Dov Hikind will have the conservative line, the court ruled today. "The judge ruled a signature with the wrong address written on the petition as valid," Joseph Hayon wrote me. Moshe Tischler, who's challenging Hikind's petition and succeeded to knock him from the republican party line, planned yesterday to appeal the decision, and Hayon prepared tonight the documents for it. I'm told that it looks like that his right to appeal was taken away. Celeste Katz posted the ruling.

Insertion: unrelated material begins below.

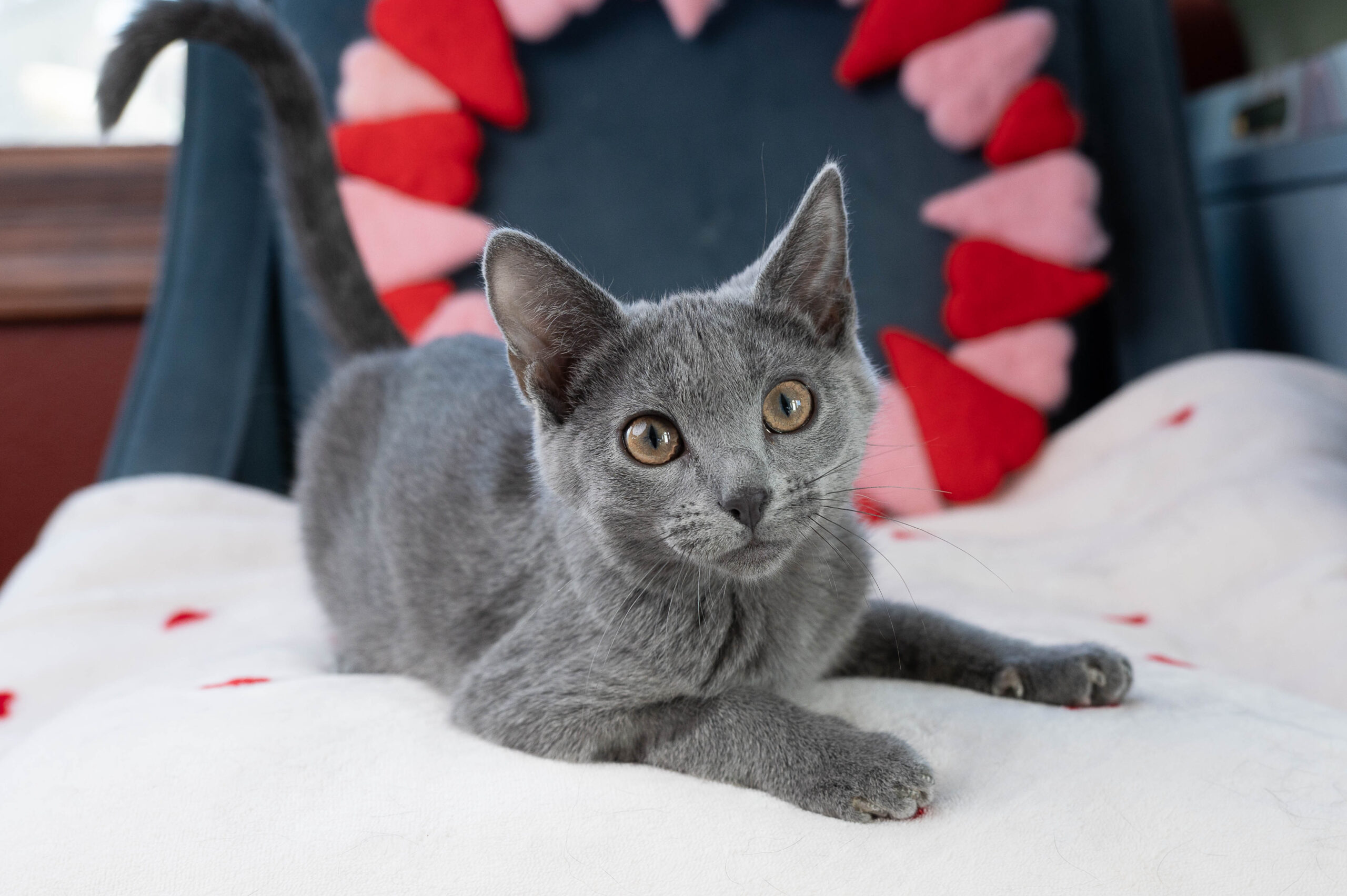 It’s only fitting that this little gray guy is part of the “Midwestern Slang” litter, because he usually has something to say! Ope is “playful, cuddly and loud,” according to his foster mom. In fact, his favorite hobby involves chatting about his foodie tendencies: “eating all of the snacks and telling you about needing more!” But then, Ope loves having a buddy or receiving affection almost as much as snacking and talking your ear off. “He would thrive in a home where there is plenty of love to go around. He will need a playmate, human or animal.” Are you ready to talk about taking Ope home?

Unlike Hikind, David Storobin is in trouble. His case is much worse, dealing not only with an incorrect address, but also an incorrect name for an unregistered signature, and it was done by the candidate him-self. Based on these transcripts, I'm hearing that Storobin will very likely have to run on a third or fourth party line. In addition, a handwriting expert who was paid by the Felder campaign testified that signatures gathered by Storobin were fraudulent. Someone involved with the Storobin campaign is telling me that this assumption is pre mature. "Historically there has rarely been a situation where a candidate was thrown off the ballot on fraud charges," he wrote me.

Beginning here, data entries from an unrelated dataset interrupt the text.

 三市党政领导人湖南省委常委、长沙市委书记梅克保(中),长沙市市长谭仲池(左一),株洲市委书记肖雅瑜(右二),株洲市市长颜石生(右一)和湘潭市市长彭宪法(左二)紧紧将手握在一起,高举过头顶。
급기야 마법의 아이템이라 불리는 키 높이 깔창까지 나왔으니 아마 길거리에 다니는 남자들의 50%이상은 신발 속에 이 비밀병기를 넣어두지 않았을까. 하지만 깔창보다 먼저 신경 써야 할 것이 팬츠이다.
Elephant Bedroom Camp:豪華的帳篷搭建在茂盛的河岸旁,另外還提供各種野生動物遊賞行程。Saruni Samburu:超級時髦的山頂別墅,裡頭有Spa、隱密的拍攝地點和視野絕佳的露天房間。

"The Senator has always viewed himself as an independent. He's appreciated the support of the party, but doesn't feel bound by party label,"Steven Stites - who finished today his work for Halloran and speaks now for Storobin exclusively - just emailed me after boarding his plane (
On a side note: I'm amazed how Hayon, with a campaign chest of 50 cents in the red, easily overcame the objections and cruised to get all 3 party lines he was petitioning for, while sitting officials, as the veteran Hikind and State Senator Storobin, are schvitzing. Maybe is it because his opponent isn't so concern about to vigorously challenge him?